Task goal
Beginning with the line that holds "113㎡的4房2厅2卫,D户" and finishing with the line that holds "2. O diploma", repeat the listing exactly, leaving every picture out.

Data provided
[Start of Attachment]
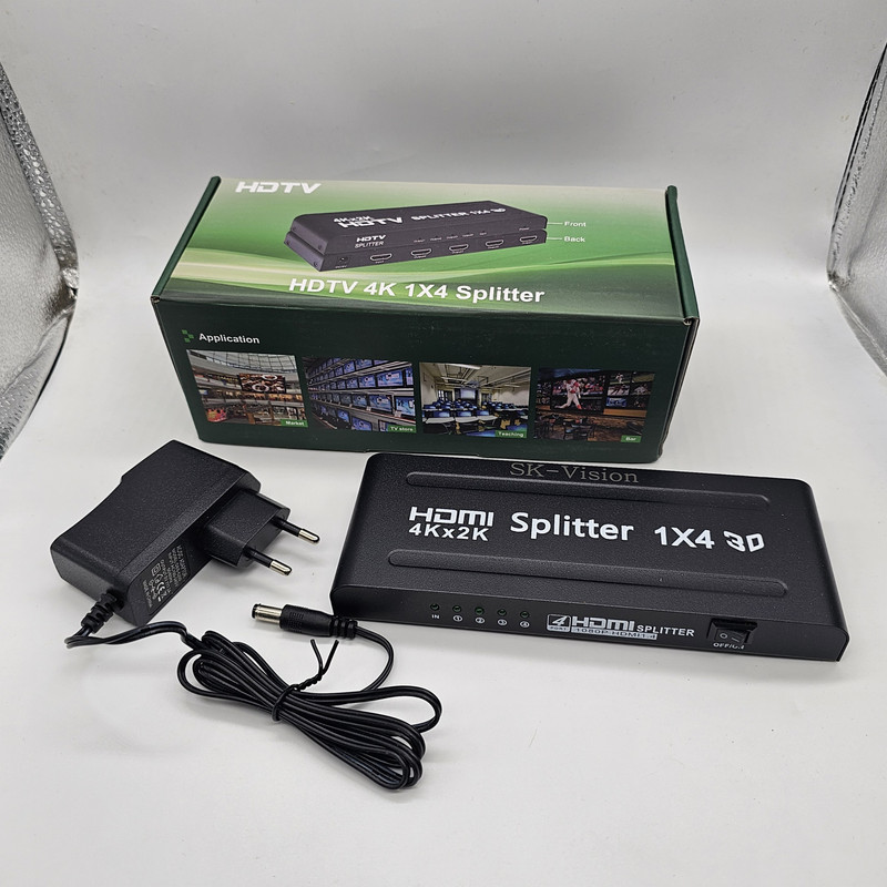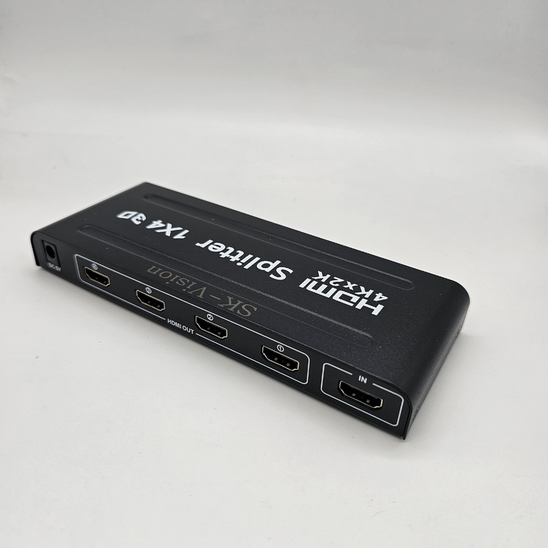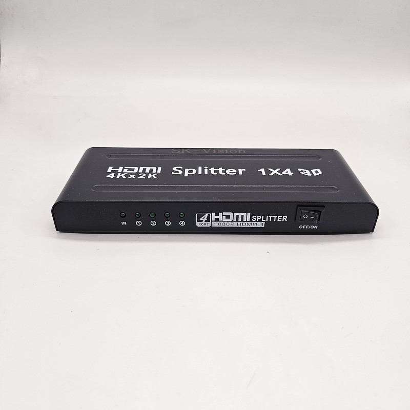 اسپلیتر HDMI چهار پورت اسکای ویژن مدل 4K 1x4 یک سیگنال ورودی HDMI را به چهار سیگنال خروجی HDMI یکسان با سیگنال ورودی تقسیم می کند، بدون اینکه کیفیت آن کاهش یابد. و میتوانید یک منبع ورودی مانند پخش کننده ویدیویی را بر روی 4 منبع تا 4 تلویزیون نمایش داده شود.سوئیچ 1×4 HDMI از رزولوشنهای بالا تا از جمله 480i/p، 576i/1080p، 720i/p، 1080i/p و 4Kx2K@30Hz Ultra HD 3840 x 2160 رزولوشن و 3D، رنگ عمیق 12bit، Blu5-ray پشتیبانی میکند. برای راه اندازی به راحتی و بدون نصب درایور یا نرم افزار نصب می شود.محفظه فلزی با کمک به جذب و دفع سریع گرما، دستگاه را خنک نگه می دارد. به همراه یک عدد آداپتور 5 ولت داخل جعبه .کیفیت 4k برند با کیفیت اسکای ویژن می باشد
[End of Attachment]
[Start of Attachment]
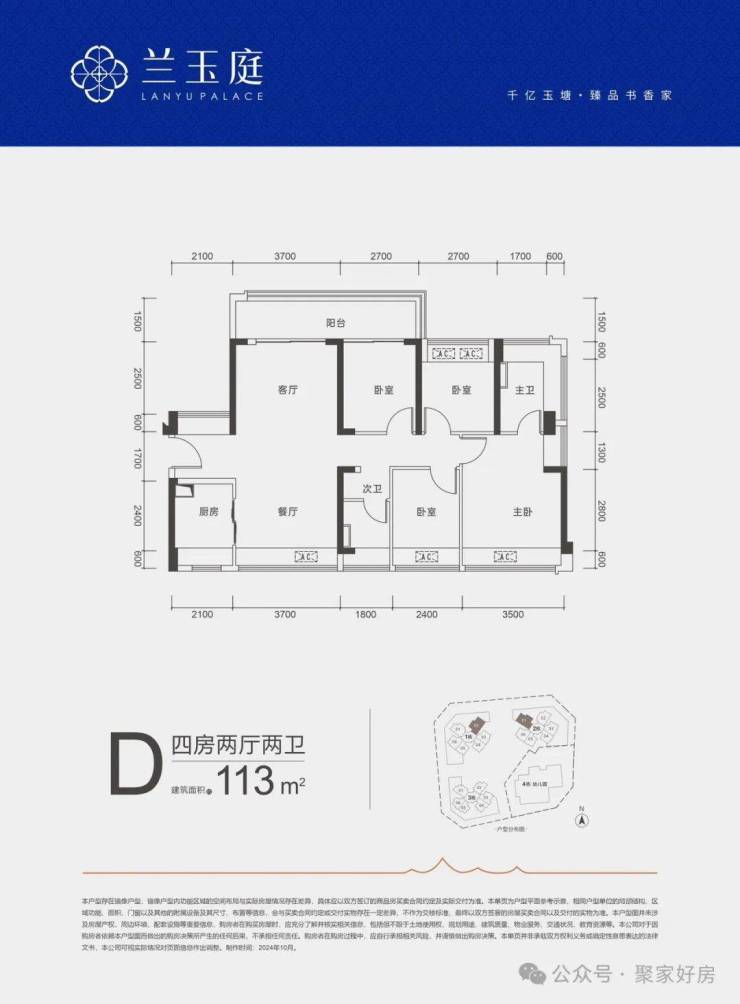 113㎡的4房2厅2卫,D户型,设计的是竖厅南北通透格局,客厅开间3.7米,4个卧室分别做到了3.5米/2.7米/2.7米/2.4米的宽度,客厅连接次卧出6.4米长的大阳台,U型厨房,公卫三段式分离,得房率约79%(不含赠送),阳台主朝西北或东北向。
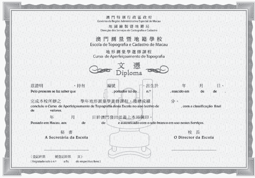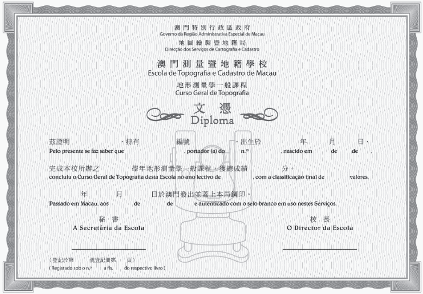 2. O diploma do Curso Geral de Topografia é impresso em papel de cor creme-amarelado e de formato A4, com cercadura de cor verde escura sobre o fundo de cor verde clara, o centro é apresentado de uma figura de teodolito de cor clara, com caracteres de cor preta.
[End of Attachment]
Your response
 113㎡的4房2厅2卫,D户型,设计的是竖厅南北通透格局,客厅开间3.7米,4个卧室分别做到了3.5米/2.7米/2.7米/2.4米的宽度,客厅连接次卧出6.4米长的大阳台,U型厨房,公卫三段式分离,得房率约79%(不含赠送),阳台主朝西北或东北向。
 2. O diploma do Curso Geral de Topografia é impresso em papel de cor creme-amarelado e de formato A4, com cercadura de cor verde escura sobre o fundo de cor verde clara, o centro é apresentado de uma figura de teodolito de cor clara, com caracteres de cor preta.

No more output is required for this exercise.